Scientists from the US Department of Energy’s Brookhaven Research Laboratory have discovered a strange phenomenon in lithium-ion batteries, the most common type of battery today commonly used to power phones and electric vehicles. That opens up the prospect of making batteries that charge faster and last longer.
The latest research shows that when the battery emits a current, the lithium density inside the microparticles can reverse at a certain point, rather than constantly increasing. This is a huge step forward in improving battery life in consumer electronics. The findings have been published in the scientific journal Science Advances.
The limited capacity of the battery means that phone users have to charge it every day. (Illustration).
Currently, the limited capacity of the battery means that phone users have to charge the battery every day. However, this new discovery could lead to the development of faster and longer-lasting rechargeable batteries. Within each lithium-ion battery are particles whose atoms are arranged in a grid, a cyclical structure with holes between the atoms.

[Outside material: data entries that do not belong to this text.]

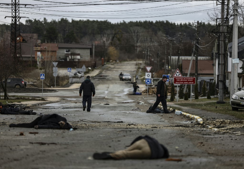 Corpos de civis nas ruas de Bucha, na Ucrânia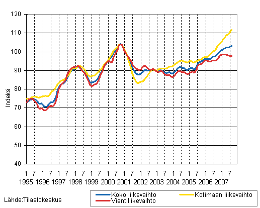 Puu- ja paperiteollisuuden liikevaihdon, kotimaan liikevaihdon ja vientiliikevaihdon trendisarjat 1/1995 - 08/2007, 2000=100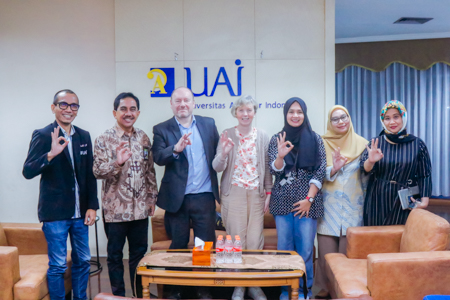 Dalam kesempatan tersebut, dua akademisi University of Edinburgh, Prof. John Ravenscroft dan Elizabeth McCann, hadir didampingi oleh Dekan Fakultas Ilmu Sosial dan Ilmu Politik (FISIP) UAI, Dr. Damayanti Wardyaningrum, S.E., M.Si., Indonesian Lead Project, Cut Meutia Karolina, S.I.Kom., M.I.Kom., Indonesian Deputy, Gusmia Arianti, S.E., M.Si., Tim ULD UAI, serta Edoardo Irfan, S.I.P., M.Si.
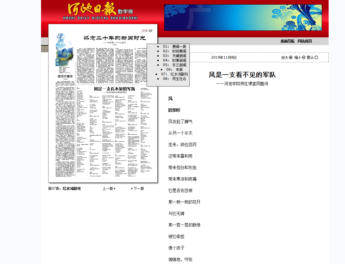 11-082019【河池日报】风是一支看不见的军队 ——bat365官方官网师生课堂同题诗河池日报:http://hcrb.hcwang.cn/html/2019-11/08/content_201989.ht -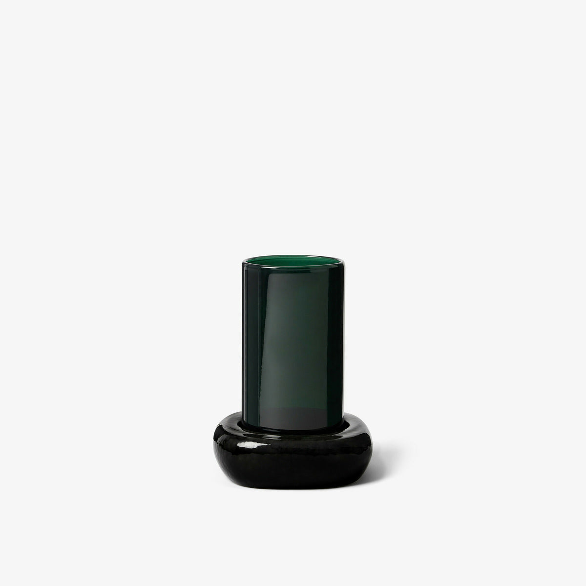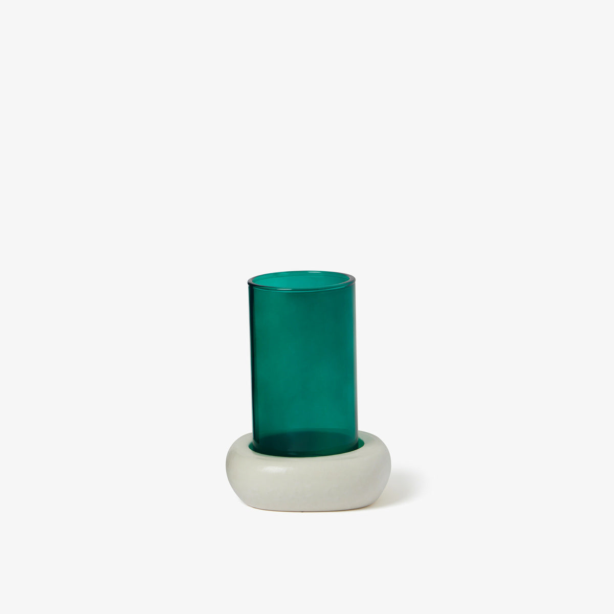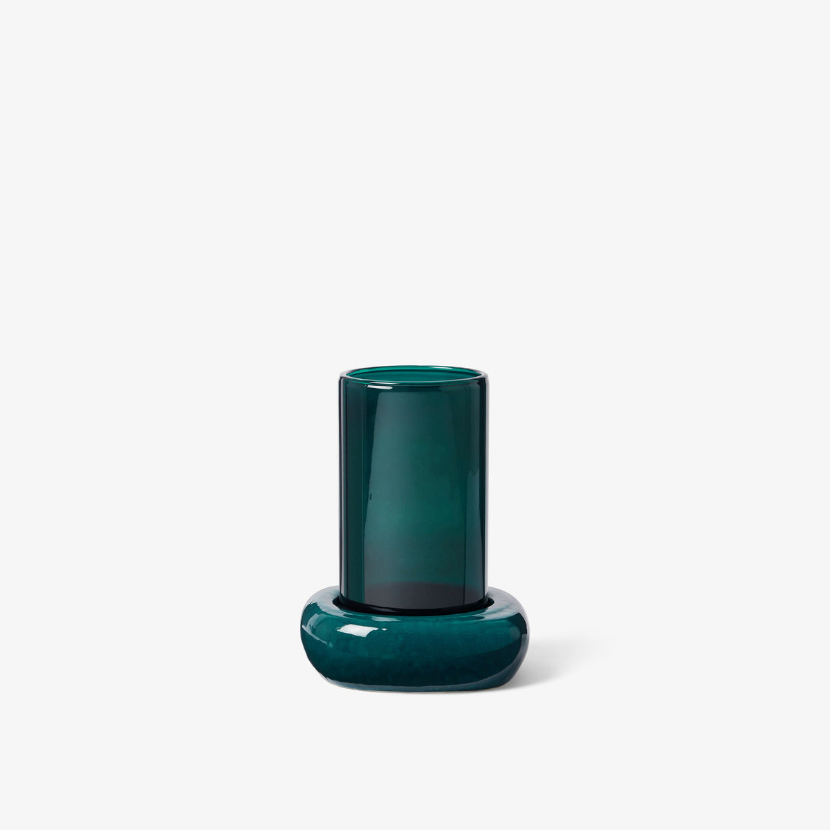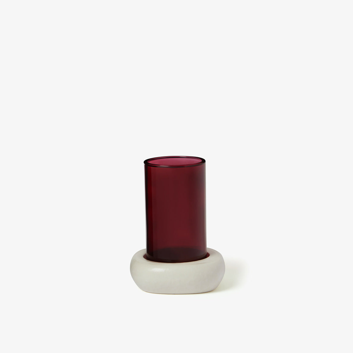 Le socle revêt un émail réactif mat ivoire contrastant avec le verre coloré Lagon ou Cassis, travaillé pour que l'opacité soit parfaitement équilibrée.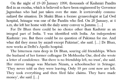 1. Legitimises the narrative that exodus was engineered by Jagmohan. No KP refugee is quoted on it. KM narrative is peddled.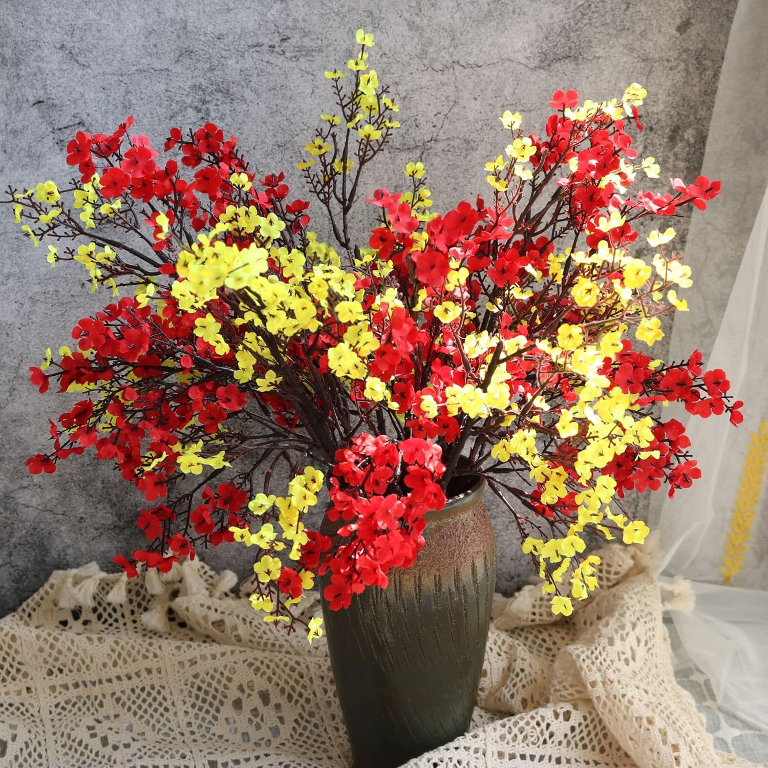 - MATERIAL: The artificial baby's breathes are made of silk and plastic, durable for years and remain vivid; The stem is internally wired, flexible and easy for flower arrangement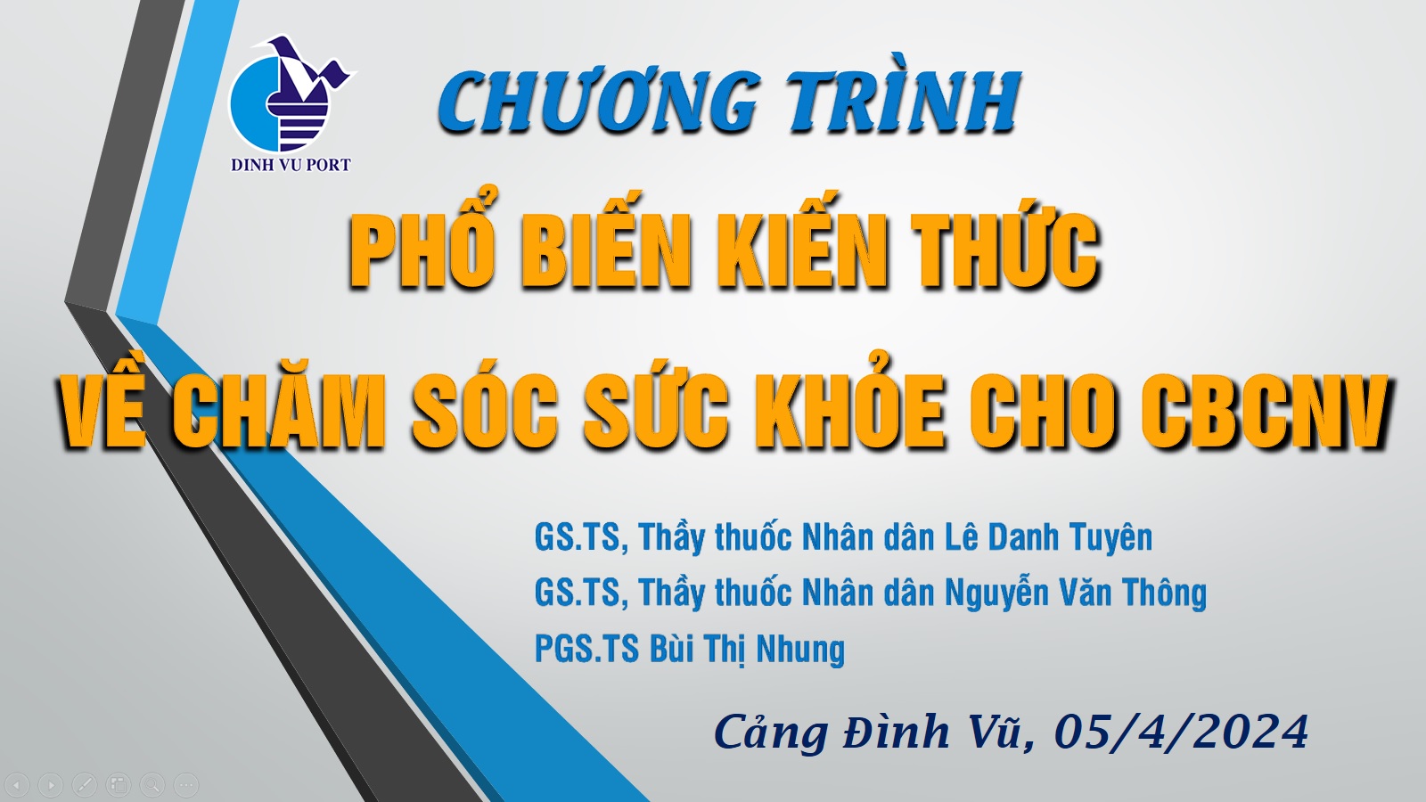 Ngày 05/4/2024 Công ty cổ phần Cảng Đình Vũ tổ chức chương trình phổ biến kiến thức chăm sóc sức khỏe cho CBCNV tại Hội trường tầng 5 Công ty. Chương trình có sự tham dự của Ban lãnh đạo Công ty cùng đông đảo CBCNV các phòng ban. Cảng Đình Vũ vinh dự mời và tiếp đón các chuyên gia trong lĩnh vực dinh dưỡng và chăm sóc sức khỏe tham gia tư vấn, phổ biến các kiến thức bổ ích cho người lao động.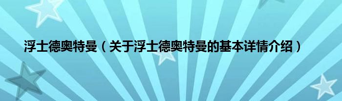 本文关于浮士德奥特曼的基本详情介绍就讲解完毕,希望对大家有所帮助。
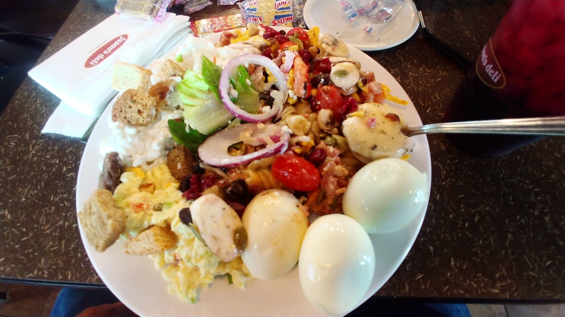 Read moreMy SLANT on this Jason's Deli. I ordered a Rueben Sandwich which is "advertised" as coming with Russian Dressing. You've heard of Russian Dressing right? Everyone has except the manager of this Jason's. They brought a sandwich with Thousand Island dressing. When I advised him of the mistake, he told me, "Thousand Island dressing is their SLANT on Russian dressing". Slant????? In the course of our 'discussion' he told me that me about their SLNAT on Russian dressing at least four times. It was though i was finally going to realize that thousand Island dressing is actually okay on a sandwich that is supposed to have Russian dressing. Despite his 16 years as manager at this site (talk about stuck in a job!) I advised him to go to any grocery store and look for RUSSIAN DRESSING! Recommendation: If you want a Rueben with Russian Dressing, go to the Jason's in Sugarland. This manager is clueless and his attempt to buy my silence with tgwo cookies...
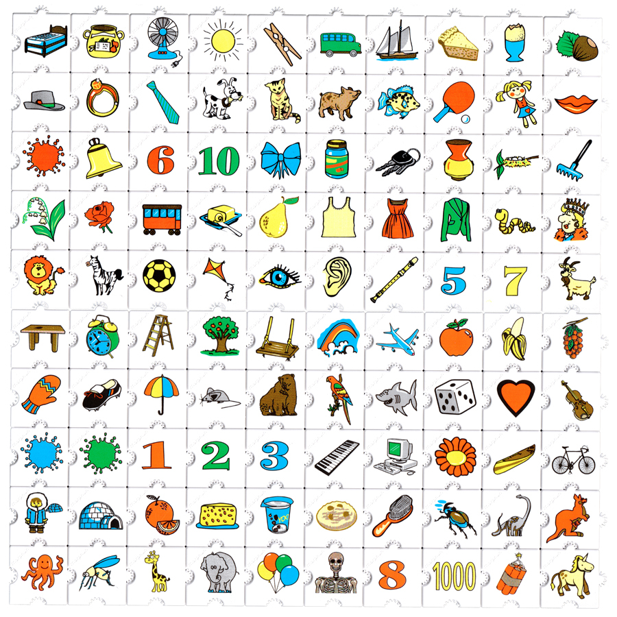 Каждая деталь конструктора содержит красочное изображение животных, птиц, насекомых, фруктов, цветов, транспортных средств, других предметов и объектов окружающего мира, хорошо узнаваемых ребенком.
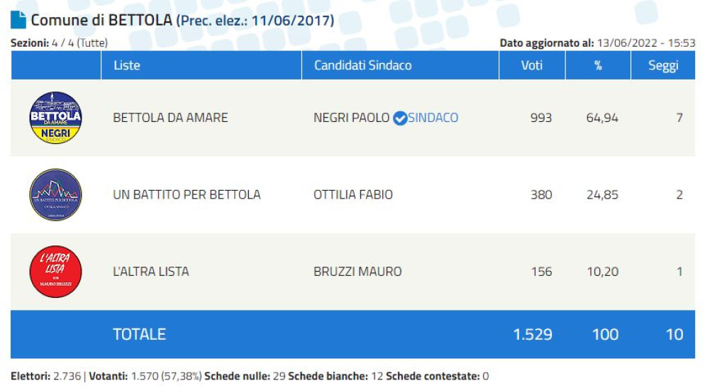 Sindaco eletto : Paolo Negri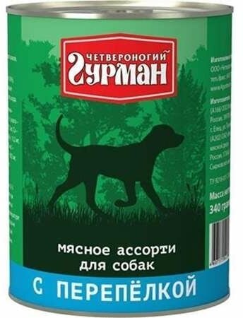 Четвероногий Гурман консервы для собак Мясное ассорти с Перепелкой 340г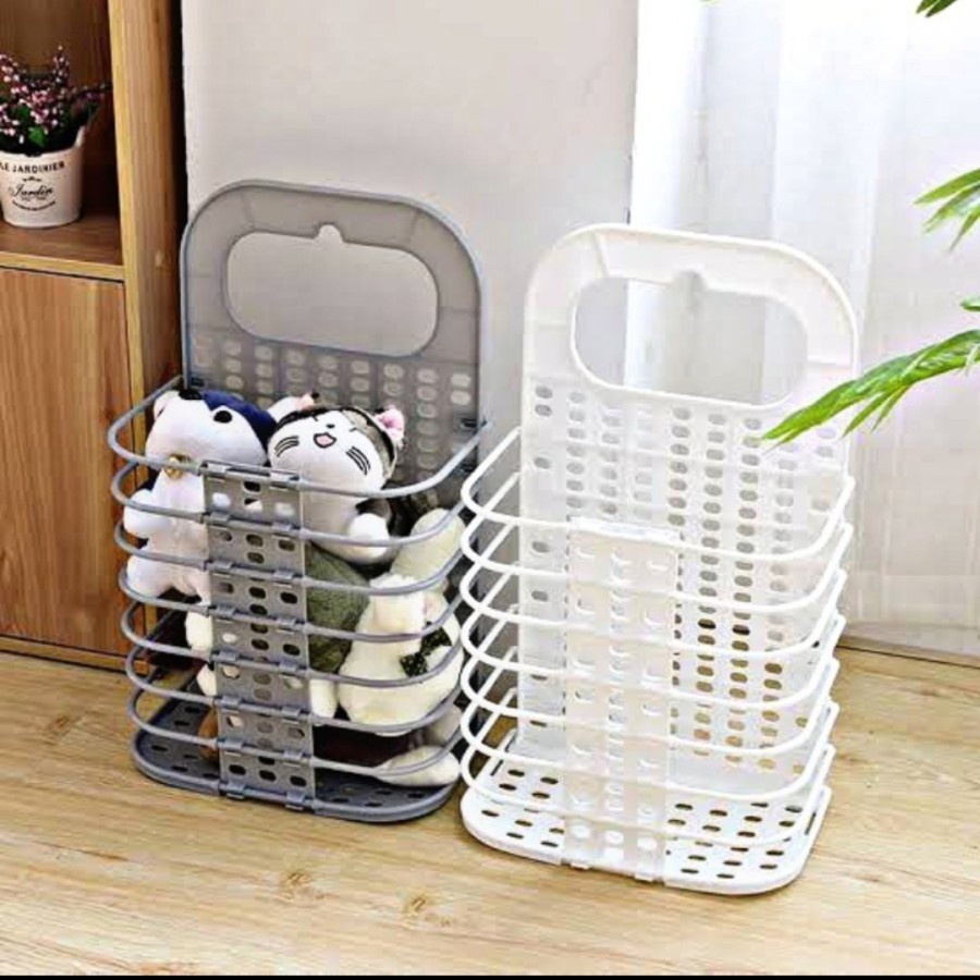 Keranjang barang ini berguna untuk menaroh pakaian kotor, mainan dan barang-barang lainnya. Keranjang terbuat dari bahan plastik sehingga tidak mudah rusak dan dapat menopang beban berat.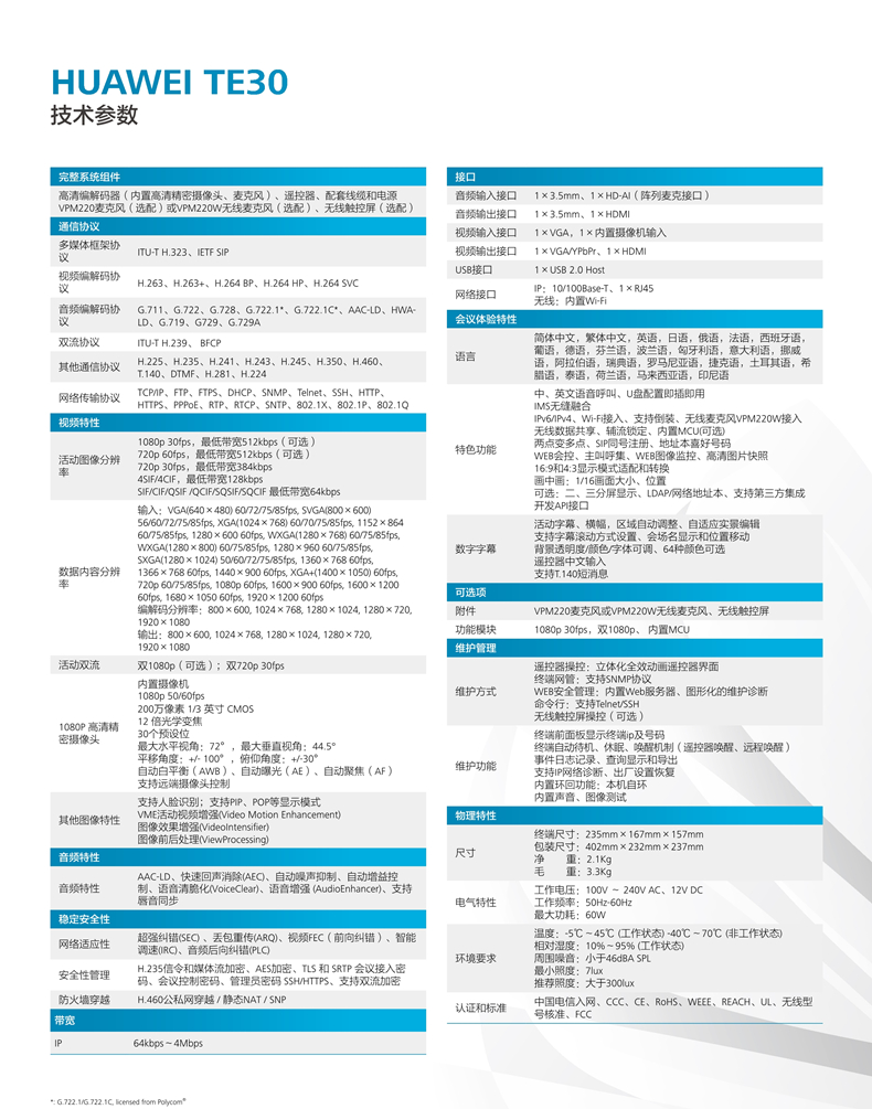 华为视讯高清终端TE30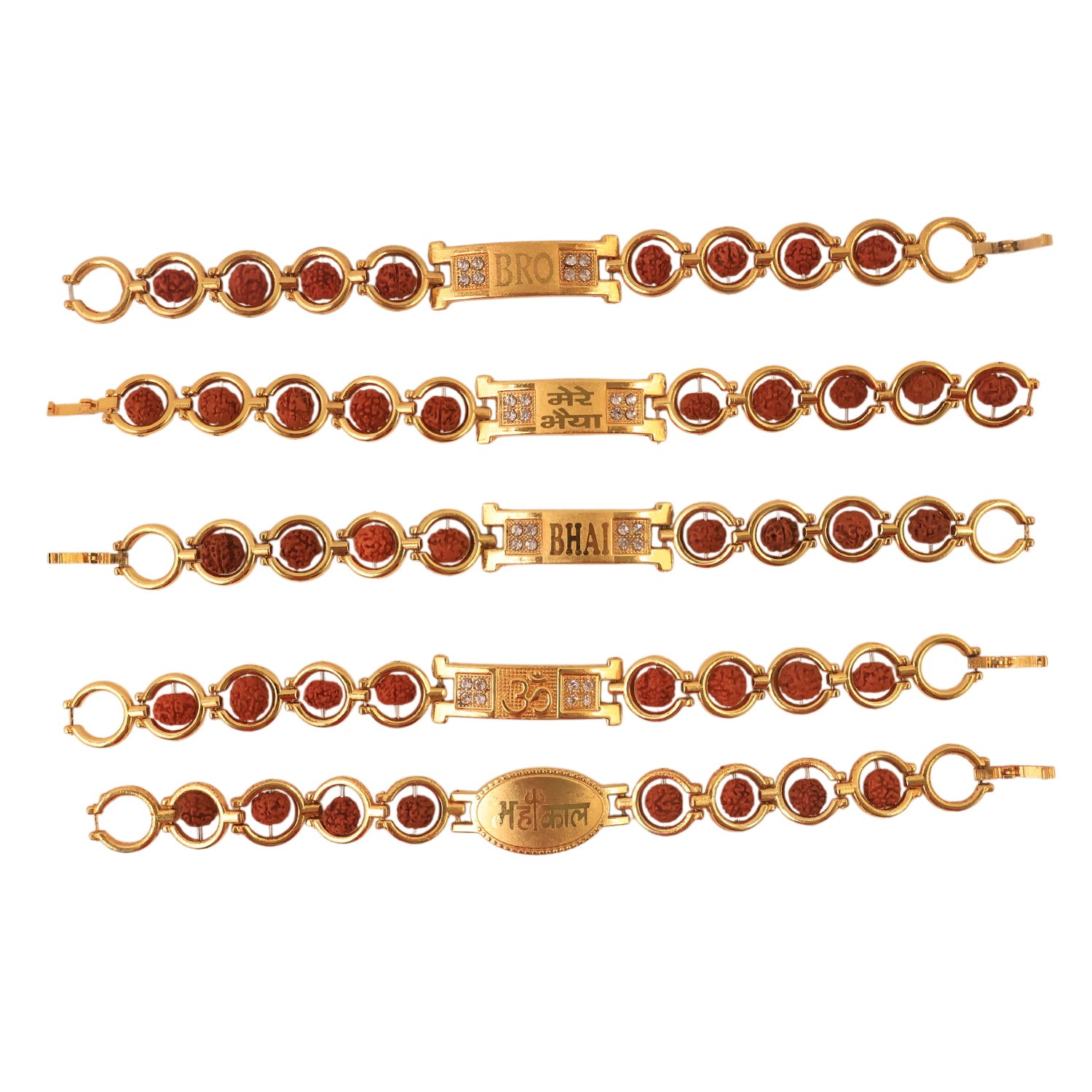 Gold Plated Designer Circular Bead Bracelet Rakhi for Brother – 1 Pc Mixed Assorted Rakhi with Traditional Red Beads & Ornamental Chain – Elegant Imitation Metal Raksha Bandhan Rakhi for Men & Boys

When a lithium-ion battery produces electricity, lithium ions move into empty areas in this atomic lattice. Previously, scientists thought that the density of lithium would constantly increase in this grid. In fact, this is not true when the battery’s electricity is generated from microscopic particles.
The above phenomenon is like when we dip a sponge in water, the overall density of lithium will constantly increase in the microparticle. However, unlike water, lithium can freely move out of some areas, causing the density of lithium to be unevenly spread across the atomic grid.
The scientists explain that the uneven migration of lithium can be prolonged, leading to negative effects, causing the battery to be overloaded when operating. Before lithium enters the grid, its texture is uniform. However, the lithium stretched the net when it got in and caused the net to retract when it came out.
As such, each charge will cause the battery to wear out and the active components to be overloaded, reducing the quality of the battery over time. Therefore, it is important to understand how lithium density affects space and time.
Although the study only focused on lithium-ion batteries, the scientists think the phenomenon could occur with other high-performance batteries.